Correct, obvious, and painfully slow when S = sum(weights) is large. Useful as a mental baseline and to prove the greedy predicate is right before swapping in binary search.
impl Solution {
pub fn ship_within_days(weights: Vec<i32>, days: i32) -> i32 {
let days = days as usize;
let mut lo: i32 = 0;
let mut hi: i32 = 0;
for &w in &weights {
if w > lo {
lo = w;
}
hi += w;
}
let days_needed = |cap: i32| -> usize {
let mut d: usize = 1;
let mut cur: i32 = 0;
for &w in &weights {
if cur + w > cap {
d += 1;
cur = w;
} else {
cur += w;
}
}
d
};
for cap in lo..=hi {
if days_needed(cap) <= days {
return cap;
}
}
hi
}
}function shipWithinDays(weights: number[], days: number): number {
let lo = 0;
let hi = 0;
for (const w of weights) {
if (w > lo) lo = w;
hi += w;
}
const daysNeeded = (cap: number): number => {
let d = 1;
let cur = 0;
for (const w of weights) {
if (cur + w > cap) {
d++;
cur = w;
} else {
cur += w;
}
}
return d;
};
for (let cap = lo; cap <= hi; cap++) {
if (daysNeeded(cap) <= days) return cap;
}
return hi;
}Binary Search on Capacity
O(n log S)O(1)Same predicate, logarithmic probe count. Lower-bound binary search over [max(weights), sum(weights)].
impl Solution {
pub fn ship_within_days(weights: Vec<i32>, days: i32) -> i32 {
let days = days as usize;
let mut lo: i32 = 0;
let mut hi: i32 = 0;
for &w in &weights {
if w > lo {
lo = w;
}
hi += w;
}
let feasible = |cap: i32| -> bool {
let mut d: usize = 1;
let mut cur: i32 = 0;
for &w in &weights {
if cur + w > cap {
d += 1;
cur = w;
if d > days {
return false;
}
} else {
cur += w;
}
}
true
};
while lo < hi {
let mid= lo + (hi - lo) / 2;
if feasible(mid) {
hi= mid;
} else {
lo= mid + 1;
}
}
lo
}
}function shipWithinDays(weights: number[], days: number): number {
let lo = 0;
let hi = 0;
for (const w of weights) {
if (w > lo) lo = w;
hi += w;
}
const feasible = (cap: number): boolean => {
let d = 1;
let cur = 0;
for (const w of weights) {
if (cur + w > cap) {
d++;
cur = w;
if (d > days) return false;
} else {
cur += w;
}
}
return true;
};
while (lo < hi) {
const mid = lo + Math.floor((hi - lo) / 2);
if (feasible(mid)) {
hi = mid;
} else {
lo = mid + 1;
}
}
return lo;
}Trace
Binary search on weights = [1..10], days = 5. Start with [lo, hi] = [10, 55]:
| lo | hi | mid | days(mid) | action |
|---|---|---|---|---|
| 10 | 55 | 32 | 2 | days ≤ 5, move hi to 32 |
| 10 | 32 | 21 | 3 | days ≤ 5, move hi to 21 |
| 10 | 21 | 15 | 5 | days ≤ 5, move hi to 15 |
| 10 | 15 | 12 | 6 | days > 5, move lo to 13 |
| 13 | 15 | 14 | 6 | days > 5, move lo to 15 |
Loop ends at lo = hi = 15. The greedy trace for cap 15: [1+2+3+4+5], [6+7], [8], [9], [10] — exactly 5 days. Any smaller cap forces a 6th day.
Edge cases
days = 1— ship everything at once; answer issum(weights). The upper bound is already feasible.days ≥ n— each package on its own day works; answer ismax(weights). The lower bound is feasible.- Single package —
weights = [w]; answer iswregardless ofdays. - Very wide range — binary search is
O(log(sum)), so evensum = 5 × 10⁸costs under 30 probes.

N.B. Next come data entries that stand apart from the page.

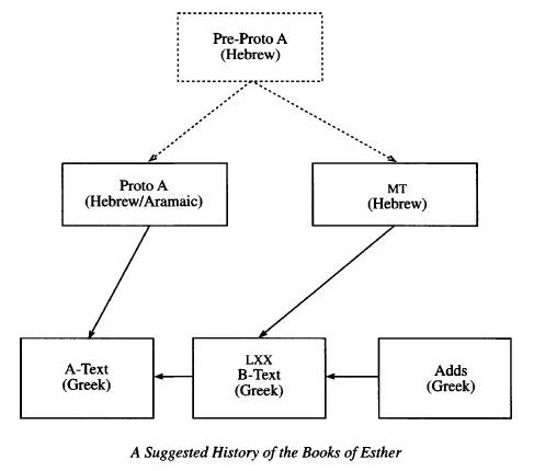 The Proto A and Pre-Proto A posited by Fried are meant to establish where the “Ur-Text” resides [Figure 1]; they do not exist in documentary form. It is important to remember though that the three versions that have been discussed so far are based on real documents and have not been conjectured. Therefore, from the standpoint of its textual transmission, it is clear that the text of Esther has never been ‘fixed’, existing today in different versions.[53] Proceeding from Esther’s fluid transmissional history, early Jews and Christians were led to dispute its canonicity.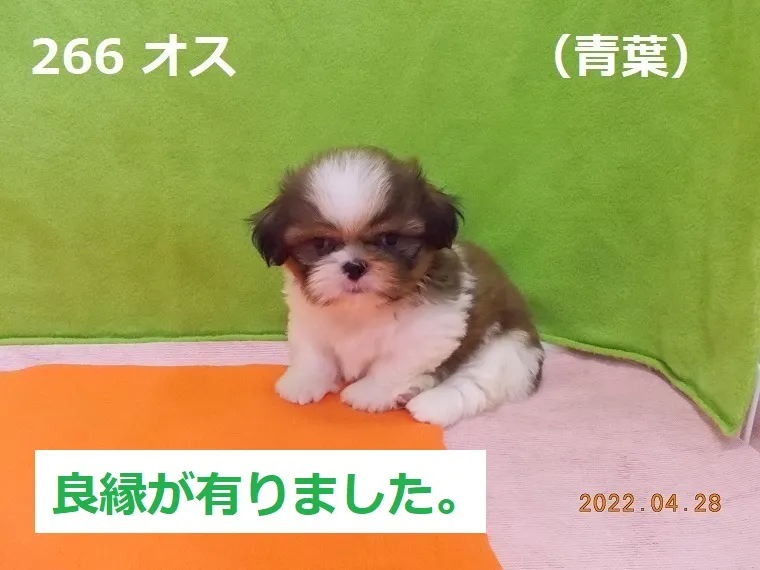 266 オス 青葉(あおば) 2022/04/28 番号 266 性別 オス 仮名 青葉(あおば) 価格 良縁が有りました。 青葉 生年月日 2022年3月9日 8:43頃 血統書 有り(JKC) 母「キャベツ」、父「ヒッタ」 お引き渡しは5月10日(火)以降になります。尾先に怪我の痕が有ります。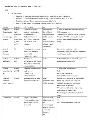 Equine Theory - MSK, Neuro, respiratory, derm, GIT, dentistry, endocrine, haemolymphatic disease, eyes, urinary, reproductive surgery, parturition, anaesthesia, antibiotics, wound care, Equine Prac - Nerve blocks, x-rays Diagnostic Imaging Theory - Quality, machines, abdomen, thorax, MSK, contrast, ultrasound, positioning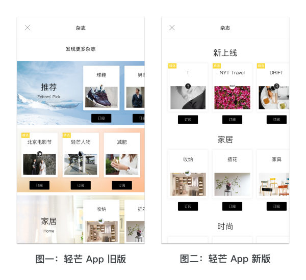 最近還常見到比較夸張的做法,是直接在泳道最左端給一個強內容氛圍。以下圖左側的輕芒閱讀 App 舊版頁面為例,圖片+文字氛圍的做法雖然極大強調了主題,但卻也極大浪費了展現(xiàn)效率,違背了內容優(yōu)先的原則,效果并不好。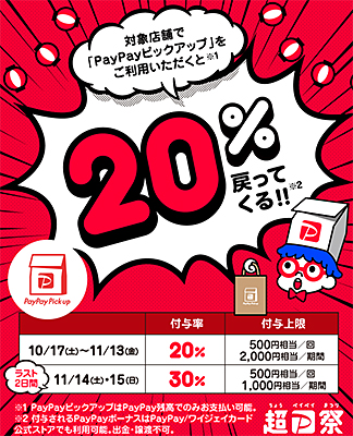 また、対象店舗でテイクアウトの「PayPayピックアップ」を使うと、30%還元にパワーアップしたり、オンラインの対象ストアで最大30%相当のポイントが還元されたりするなど、さまざまな形のお得なキャンペーンが繰り広げられている。祭りの最終日を満喫しよう。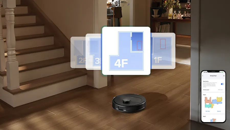 Пылесос RoboRock QRevo L проводит картографирование помещений в 6 раз быстрее аналогичных моделей. Карта отображается в 3D-формате для наглядного понимания и детализации локаций для уборки. Создание многоуровневой картографической системы дает девайсу возможность выбрать наиболее оптимальный маршрут для уборки.

Notice the feasibility function short-circuits when the day count exceeds days. This avoids scanning the whole array on a clearly-infeasible capacity — a free constant-factor win that matters when n is large.
Takeaway
Once you recognize the "binary search on answer" skeleton, whole problem families collapse into a template. The greedy feasibility check is where the domain lives; the binary search is boilerplate.
This is the same algorithm you'd use to answer "what's the smallest truck that meets the SLA?" in a warehouse scheduler. The LeetCode framing is a clean rehearsal for that.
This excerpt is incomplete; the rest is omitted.